Фольклорно-мифологическая модель мира немцев Поволжья наиболее полно представлена в образе хутора правого берега как нетронутое цивилизацией место, сохранившего в себе образ старинного немецкого быта. Вместе с тем, на хуторе воплощен магический реализм через связь со сказочной реальностью. Так, фольклорно-мифологические элементы романа включают в себя: образ пространства хутора, образы героев: Удо Гримма, Тильды, а также образы-символы: наливки, ширмы, образ яблоневого сада, отсылающими к традиционным сказочным образам и мотивам.

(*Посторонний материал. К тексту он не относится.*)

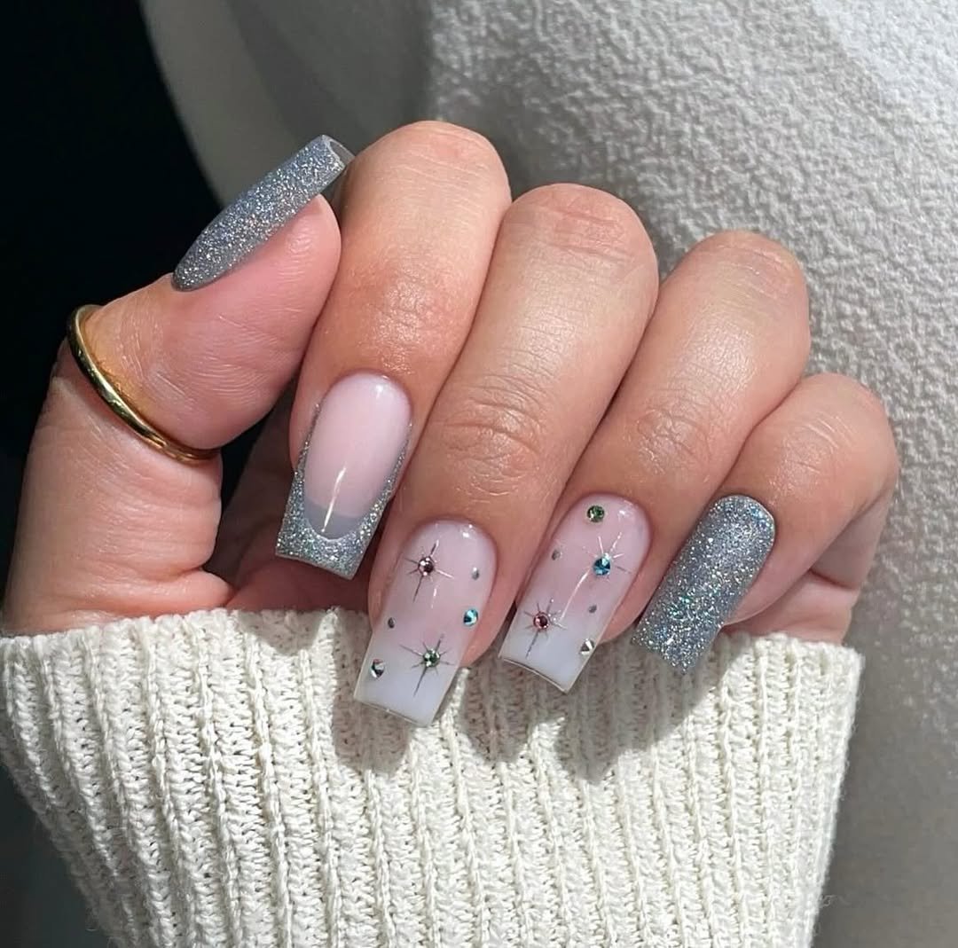 These nails are giving winter-glam in the most effortless way. The frosty glitter tips melt into a soft blush base, and those tiny starburst gems feel like someone bottled the night sky just for your fingertips. It’s the kind of set that looks good with literally anything—sweaters, sparkles, or even just holding your iced latte.

Образ пространства хутора играет важную сюжетообразующую роль в тексте. В момент прибытия главного героя на правый берег магический реализм набирает силу. Если в экспозиции романа основным было изображение обыденной жизни гнадентальцев и лишь изредка в сюжет были вплетены магические элементы (приметы, предания), то на правом берегу все меняется в прямо противоположную сторону: реалистичное описание жизни хуторян становится фоновым описанием, а магические элементы ставятся во главе угла.

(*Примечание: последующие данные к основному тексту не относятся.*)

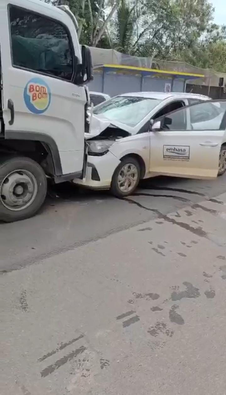 Um veiculo tipo caminhão baú da empresa Bom Bom sorvetes bateu de frente com um carro tipo passeio da empresa Baiana de águas Embasa.

Хутор изображен мистическим местом с отсутствием людей и не имеющим границ пространством: «Ограды у хутора не было — границей служили края поляны. И людей — тоже не было. Даже молчаливый киргиз куда-то сгинул, стоило Баху на миг отвернуться» [1, с. 6]. Образ хутора играет роль сакрального, пугающего места-пространства, который в сказочных сюжетах напрямую соотносится с мотивом пути, мотивом потерянной дороги.

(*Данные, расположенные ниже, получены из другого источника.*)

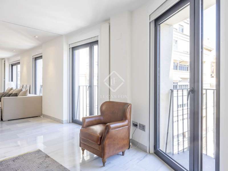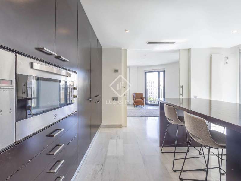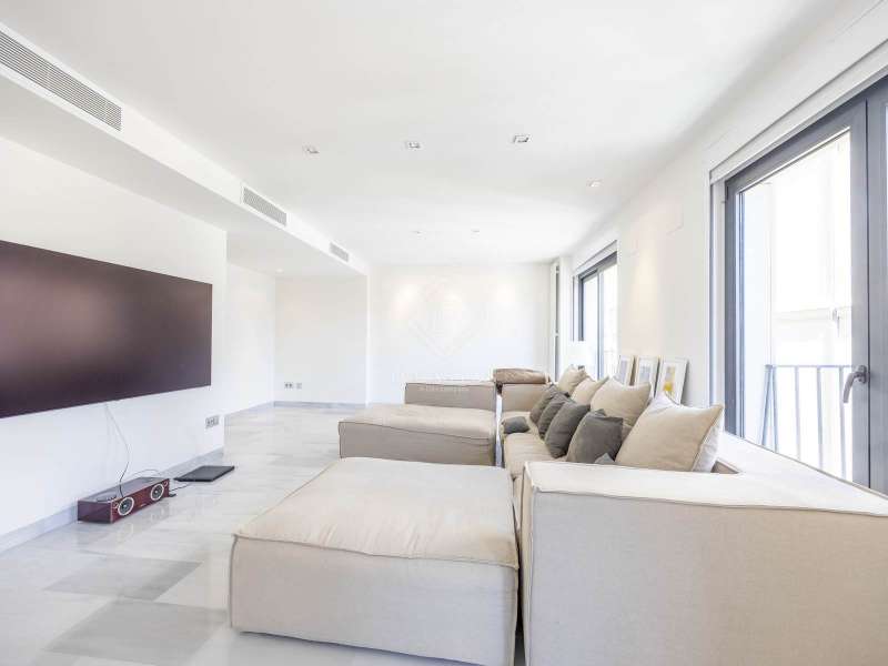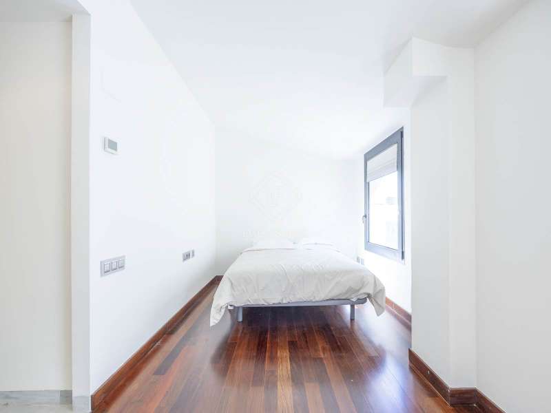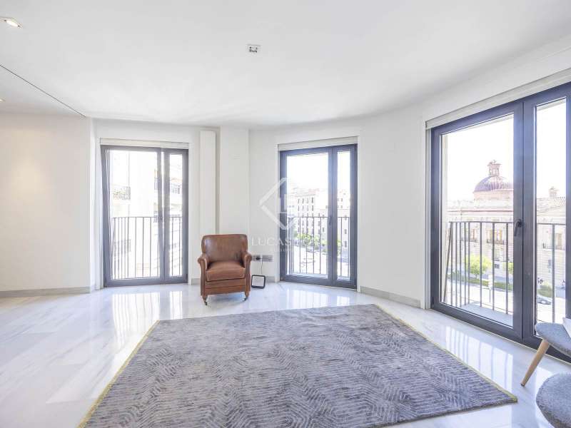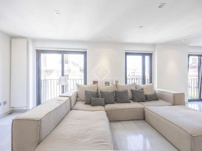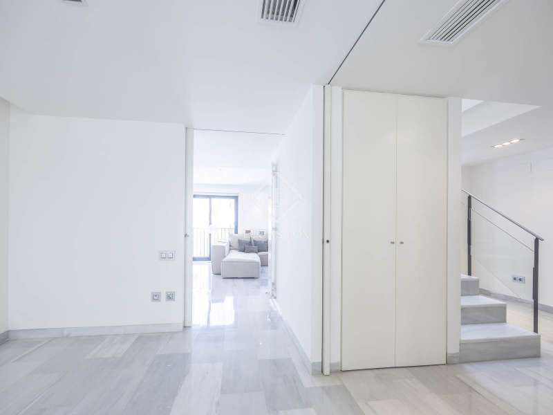 Lucas Fox presents this exclusive duplex apartment with unobstructed views of a charming square on the top floor of a modern building constructed in 2008 in Valencia. This elegant property stands out for its spaciousness, light, and functional design, in a prime location. From the main access , we find a spacious and welcoming entrance hall that leads to the day area. To the right, we find an open-plan floor kitchen, fully equipped and especially bright, thanks to its generous windows overlooking the exterior. Next, we find the spacious living-dining room, a generously sized room with different atmospheres, ideal for entertaining guests or enjoying family time. The large windows in this area provide clear and pleasant views of a beautiful tree-lined square and allow in abundant natural light. There is also a guest toilet on this floor . The white marble floors add a touch of distinction and luminosity to the entire day area. On the upper floor is the night area. First, there is the privileged main bedroom , which is very bright and features a practical dressing area and an elegant private bathroom. This floor is completed by three additional spacious bedrooms, all exterior and well-ventilated, and two complete bathrooms serving these rooms. There is also a separate utility room , ideal for daily use. This entire floor features wooden floors, providing warmth and comfort. The property is equipped with ducted air conditioning, high-performance exterior carpentry with thermal and acoustic insulation, and quality finishes throughout. It also includes a parking space in the same building with direct access . Contact us for more information.

Мотив потерянной дороги воплощается на обратном пути Баха. Герой, отказавшись вести занятия с дочкой хозяина хутора, попадает в магическую реальность хутора, в которой время и пространство сосуществует по своим магическим законам. Сначала обратный путь показался герою знакомым: «Путь был знаком» [1, с. 6], затем, ощутив растяженность времяпространства, герой «…заподозрил неладное. Сперва успокаивал себя мыслью, что дорога с провожатым всегда кажется короче и легче. Затем допустил, что все же отклонился немного: немудрено обмануться в малознакомом месте» [1, с. 6]. Спустя время герой осознает, что заблудился: «Оглянулся: а лес-то — чужой. Незнакомая чаща сереет нагромождением стволов, растрескавшихся и по-пьяному развалившихся во все стороны» [1, с. 6], а время необычным образом остановилось: «На бегу вытащил из жилетного кармана часы — стоят. Впервые стоят, со дня покупки» [1, с. 6]. Так, образ пространства хутора является первым фольклорно-мифологическим элементом в романе «Дети мои», отображающим магическую реальность через связь со сказочным мотивом потерянной дороги.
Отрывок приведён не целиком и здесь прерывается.